Coenzym Q10 kommt in besonders hohen Konzentrationen in den Herzmuskeln und den Nervenzellen vor. Es ist eine vitaminähnliche Substanz, die in den Mitochondrien (Energiekraftwerke der Zellen) vorkommt und an der Energiegewinnung beteiligt ist. Mit zunehmendem Alter sinkt der Coenzym Q10-Gehalt im Körper. Die Omega-3-Fettsäure Docosahexaensäure (DHA) trägt zur Erhaltung einer normalen Gehirnfunktion bei. Hochseefisch enthält nicht nur die wertvollen Omega-3-Fettsäuren, sondern auch Jod und Vitamin D.

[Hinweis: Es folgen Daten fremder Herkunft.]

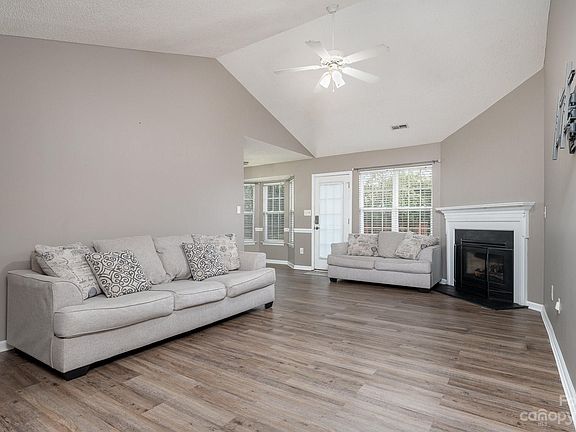 The perfect ranch home awaits you! Just 5 minutes from Sun Valley Shopping, dining and movie theaters! 15 minutes to Matthews and 35 minutes to uptown Charlotte! Move-in ready with updated LVP flooring in Living Room, Dining area, Kitchen, Primary BR and baths. Neutral paint. Large Living Room with vaulted ceiling & gas log fireplace. Bright dining area with bay window and updated lighting overlooks spacious, fenced, private backyard with oversized deck. Large Primary bedroom with vaulted ceiling. En-suite bath has garden tub, double vanity, updated toilet and separate shower. Split bedroom plan. Secondary bedrooms have updated carpeting. Ceiling fans throughout. Roof replaced in 2016. Enjoy the beautiful neighborhood pool and playground!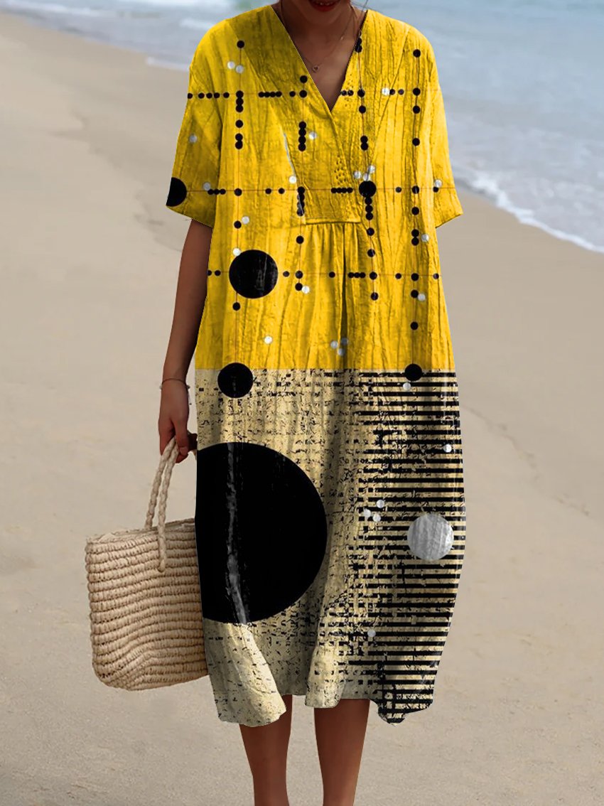 Women's Abstract Yellow Polka Dot Pattern Design Watercolor Splash Fluid Art Print Flowy Dress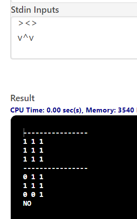 만약 0이 있다면 그건 갈 수 없는 곳이 있다는 뜻이므로 "NO" 출력하고 종료.

Ernährungsempfehlungen für gesunde Nerven
Das Gehirn nutzt zur Energiegewinnung bevorzugt das Kohlenhydrat Glucose. Aufgrund des hohen Energieverbrauchs entstehen natürlicherweise hohe Mengen freier Radikale und oxidativer Stress. Wer eine hohe mentale Leistung erbringt, kann schneller ermüden.
Empfehlungen für eine Ernährung reich an Mikronährstoffen und weiteren Stoffen:
- Eine abwechslungsreiche Ernährung aus frischen, pflanzlichen und tierischen Lebensmitteln ist von zentraler Bedeutung.

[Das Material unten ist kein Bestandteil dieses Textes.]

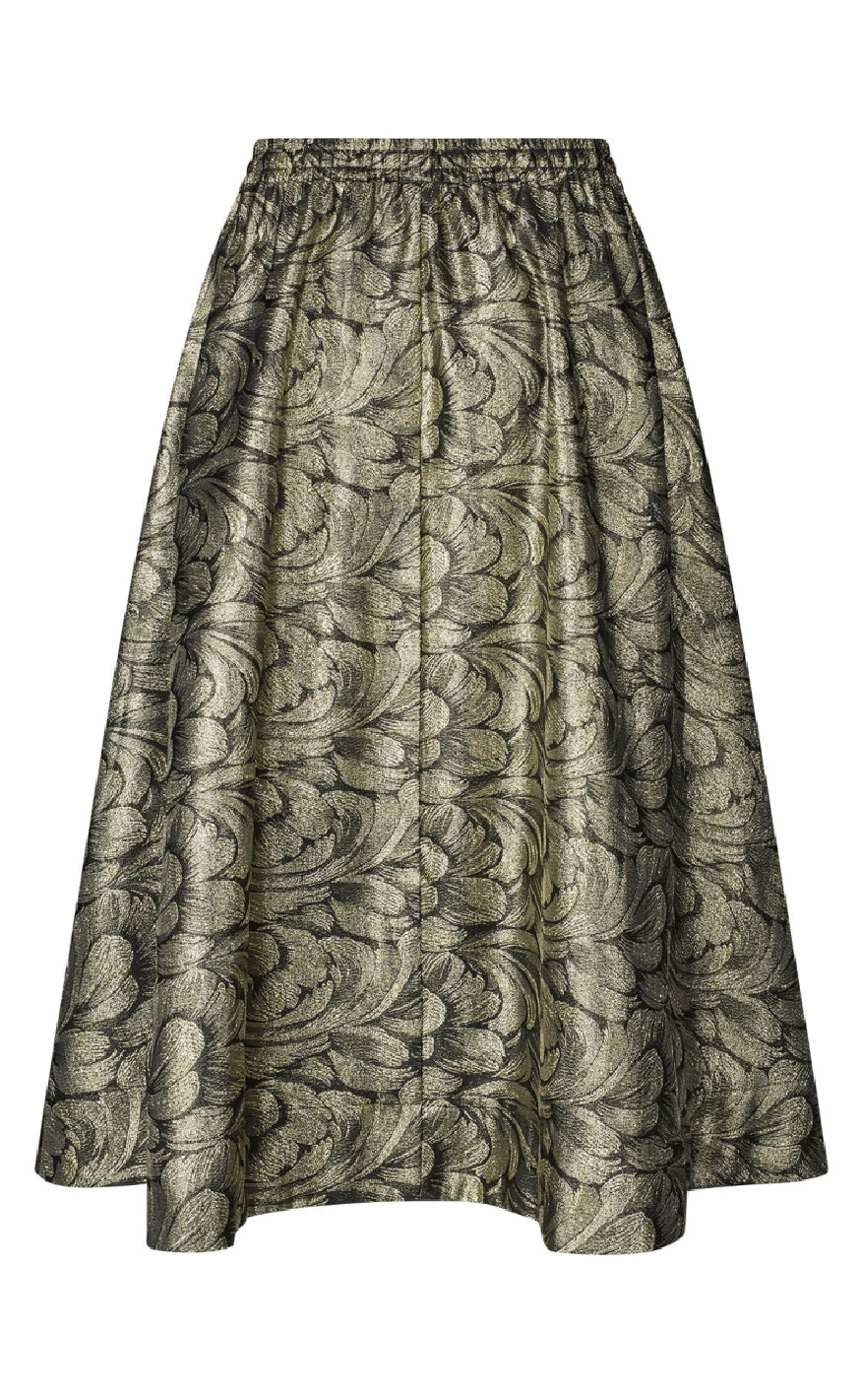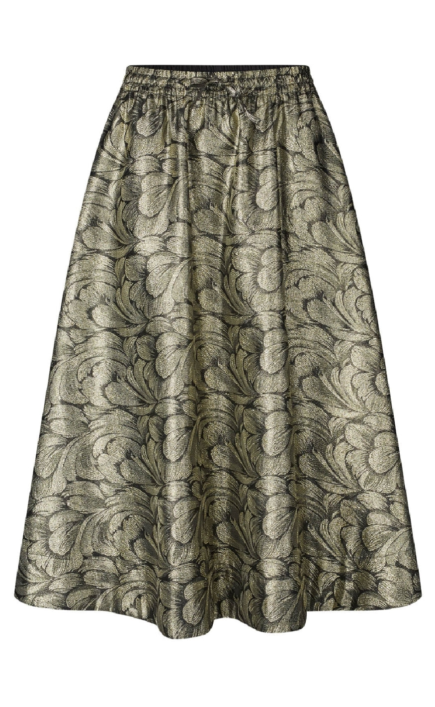 Nederdel fra Lollys Laundry med elastisk talje og metallisk bladmønster – perfekt til et festligt og elegant look.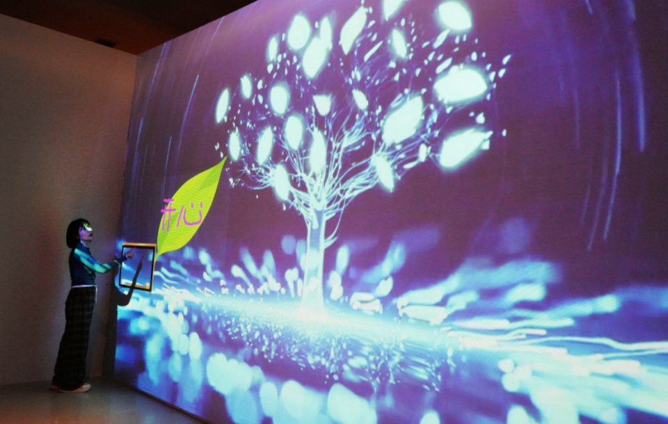 在许愿树下,观众能够通过互动屏亲手创作树叶,将美好的祝愿融入其中,共同汇聚成一股强大的正能量。

- Obst und Gemüse sind wichtige Nährstofflieferanten für die Gehirn- und Nervengesundheit. Sie enthalten viele Vitamine, Mineralstoffe und Spurenelemente sowie zahlreiche sekundäre Pflanzenstoffe und Antioxidantien. Verzehren Sie täglich insgesamt 5 Portionen (≥ 400 g)! Die Deutsche Gesellschaft für Ernährung (DGE) empfiehlt hierbei 3 Portionen Gemüse und 2 Portionen Obst.

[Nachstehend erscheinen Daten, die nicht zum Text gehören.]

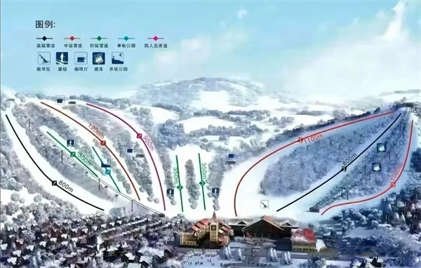 为初次体验滑雪运动的新手设计的初级道总长4000余米,3-7度,全程无明显陡坡与急转弯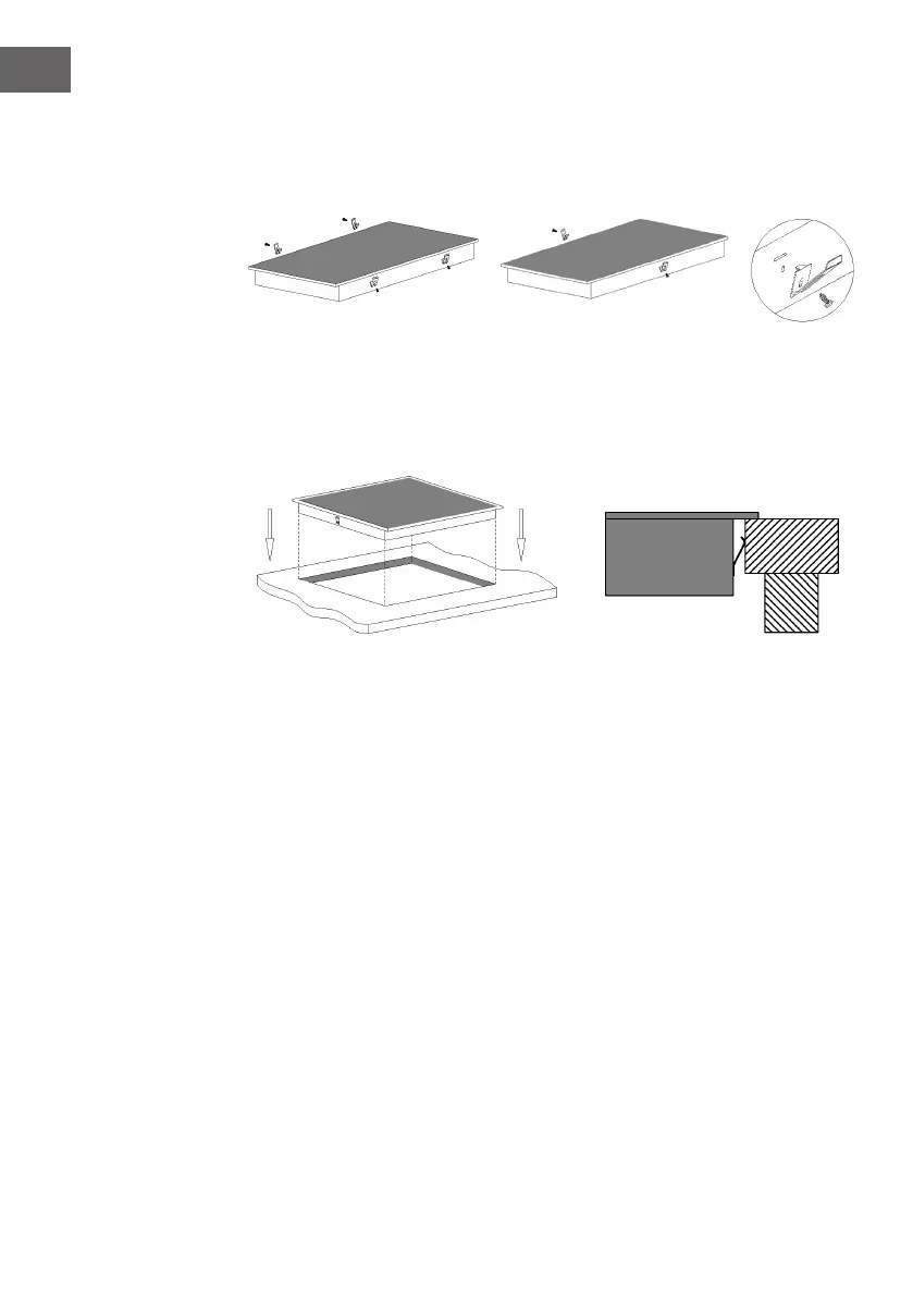 Insert the hob into the cabinet/work surface as shown below, the mounted clips on the

- Für eine gute Versorgung mit den gesundheitsfördernden Omega-3-Fettsäuren Eicosapentaensäure (EPA) und Docosahexaensäure (DHA) sollte einmal wöchentlich fettreicher Meeresfisch (Aal, Lachs, Hering, Makrele, Sardelle, Sardine) verzehrt werden. Die Deutsche Gesellschaft für Ernährung rät zudem eine weitere Mahlzeit fettärmeren Meeresfisch pro Woche zu essen.
- Kein anderes Lebensmittel enthält von Natur aus so viel Jod wie Meeresfisch.
- Nüsse sind allgemein als Nervennahrung, als "brainfood" bekannt. Neben den wertvollen Omega-3-Fettsäuren liefern sie B-Vitamine, Mineralstoffe und Antioxidantien.